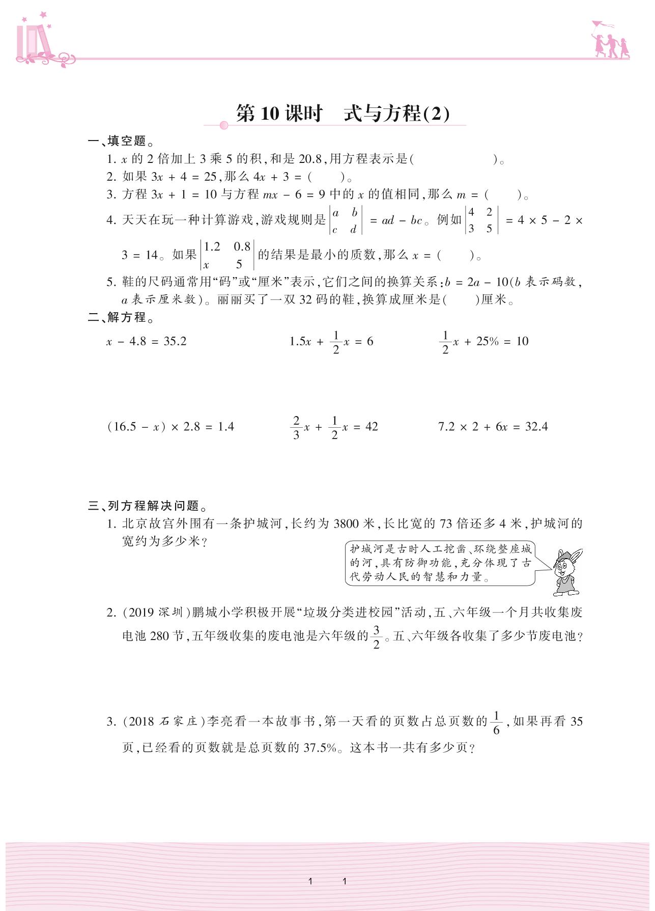 2021下册六年级数学冀教版 六 回顾与整理 (一)数与代数——第10课时 式与方程(2)
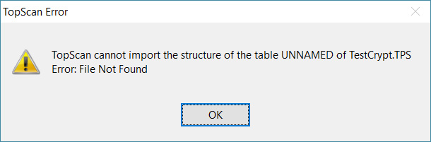 Утилита TOPSCAN.exe из CLARION 10 (build 10.0.12278) открывать его отказывается (пароль, естественно, вводится правильный). Утилита TOPSCAN.exe из C9 файл открывает без проблем. После ряда экспериментов выяснил. Новая утилита TOPSCAN.exe ( C10) многотабличные файлы без шифрования открывает. Файл из одной таблицы с шифрованием - тоже открывает. На многотабличном файле с шифрованием - проблема.
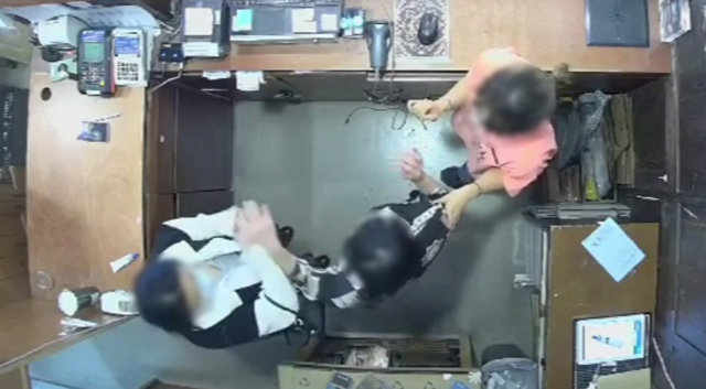 주한 벨기에대사 부인(왼쪽)이 4월 9일 서울 용산구의 한 옷가게에서 직원을 폭행하는 모습. CCTV 영상 캡처

§ Aim of the task: Set the listing down verbatim, excluding pictures.

§ Response box:
 2021下册六年级数学冀教版 六 回顾与整理 (一)数与代数——第10课时 式与方程(2)
 Утилита TOPSCAN.exe из CLARION 10 (build 10.0.12278) открывать его отказывается (пароль, естественно, вводится правильный). Утилита TOPSCAN.exe из C9 файл открывает без проблем. После ряда экспериментов выяснил. Новая утилита TOPSCAN.exe ( C10) многотабличные файлы без шифрования открывает. Файл из одной таблицы с шифрованием - тоже открывает. На многотабличном файле с шифрованием - проблема.
 주한 벨기에대사 부인(왼쪽)이 4월 9일 서울 용산구의 한 옷가게에서 직원을 폭행하는 모습. CCTV 영상 캡처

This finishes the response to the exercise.